PfHsp70-z possesses an N-terminal NBD (PfHsp70-zNBD) composed of residues 1–420, a putative linker region at position 421–426, and a SBD composed of SBDβ residues 427–660, and SBDα residues 661–729 (Fig. 1b). The proposed linker of the cytosolic Hsp110s from plasmodial species depicted by the sequence, EYECVE; is fairly distinct from that of yeast (PFKFED) and human/mouse Hsp110 (EFSVTD) (Fig. 1b). By comparison, the linker region of the canonical Hsp70s, however, is well conserved across species (Shonhai et al. 2007). This suggests that the linker of Hsp110 could play an important regulatory role that uniquely defines the functional characteristics of this family of proteins.
Overexpression and purification of recombinant PfHsp70-z, PfHsp70-1, and PfHsp70-1NBD
We expressed and purified the recombinant forms of PfHsp70-z, PfHsp70-1, and PfHsp70-1NBD using previously described protocols (Shonhai et al. 2008; Zininga et al. 2015a, b). We validated the authenticity of recombinant PfHsp70-z by Western blot using an antibody raised against a unique peptide segment of the protein and anti-polyhistidine antibodies (Fig. 2a). Similarly, full length PfHsp70-1 was overexpressed and purified from E. coli XL1-Blue cells (Fig. 2b). Furthermore, the truncated PfHsp70-1 (PfHsp70-1NBD) was overexpressed and purified from E. coli XL1 Blue cells (Fig. 2c). Western blotting analysis using antibodies raised against PfHsp70-1 as well as antibodies that recognize the polyhistidine-tag, we detected both the full length PfHsp70-1 and the truncated version PfHsp70-1NBD (Fig. 2b, c, lower panels). The specificity of the antibody raised against the select peptide sequence of PfHsp70-z was previously reported (Zininga et al. 2015a). The peptide-specific antibody binds PfHsp70-z without recognizing other Hsp70s including its plasmodial homologue, PfHsp70-1 (Zininga et al. 2015a).

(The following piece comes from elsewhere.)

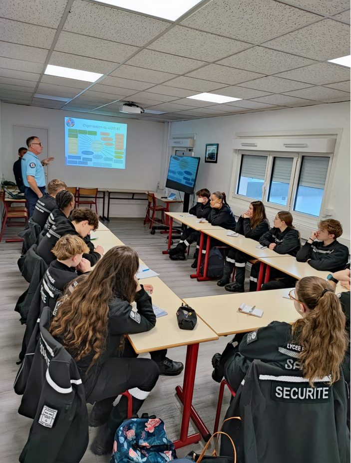 Le 28 novembre, les élèves de Première bac pro Métiers de la Sécurité ont été accueillis au Groupement de Gendarmerie Départementale de la Loire (GGD 42), à Saint-Étienne, pour une journée d’immersion au cœur des missions et des expertises de la gendarmerie nationale.

Nucleotide equilibrium binding assay
Affinities for the binding of nucleotides to PfHsp70-z, relative to PfHsp70-1 and its truncated version (PfHsp70-1NBD), were determined using SPR analysis. The kinetics representing binding of the nucleotides to the respective proteins at equilibrium binding were determined (Fig. 3). The K D values for ATP binding to PfHsp70-1 and its truncated form, PfHsp70-1NBD, were comparable in magnitude (approximately 3.5 μM) (Table 1). PfHsp70-z exhibited K D values for ATP binding which were higher by approximately one order of magnitude (25.3 μM) compared to data obtained for PfHsp70-1/PfHsp70-1NBD. These data suggest that although PfHsp70-1 and PfHsp70-z both exhibit high affinity (in the micro molar range) for ATP, however, PfHsp70-1 binds ATP with much higher affinity. Since ATP binds to full length PfHsp70-1 and its truncated form (PfHsp70-1NBD) with comparable affinity, this demonstrates that in the absence of bound substrate, the SBD of PfHsp70-1 has little influence on the steady-state ATP binding kinetics.
Table 1.
Protein | ATP |
---|---|
K D (μM) [±standard deviation] | |
PfHsp70-z | 25.3 (±1.1) |
PfHsp70-1 | 3.48 (±0.4) |
PfHsp70-1NBD | 3.47 (±0.2) |
The standard deviations shown in parenthesis were obtained from at least three independent assays
ATP induces conformational changes to PfHsp70-z
We subjected recombinant PfHsp70-z protein to partial proteolysis in the absence of nucleotide and in presence of ATP/ADP to investigate the effect of the nucleotides on the conformation on the protein. Profiles of fragments that were generated upon the proteolysis of PfHsp70-z in the presence of ADP and in the absence of nucleotide were similar. After 30 min, both nucleotide-free and ADP-bound forms of PfHsp70-z were completely digested. Overall, this suggests that the ADP-bound form of PfHsp70-z may assume a conformation that closely resembles that of the nucleotide-free form of the protein (Fig. 4). However, the proteolysis of the ATP-bound PfHsp70-z generated digestion fragments that were unique and part of the protein remained undigested after 30 min. However, the fragment that remained after 30 min could not be detected by Western blot analysis suggesting that it may have lost its N-terminal polyhistidine-tag. Altogether, the findings suggest that ATP induced structural changes to PfHsp70-z that resulted in a more compact conformation with increased resilience to tryptic digestion.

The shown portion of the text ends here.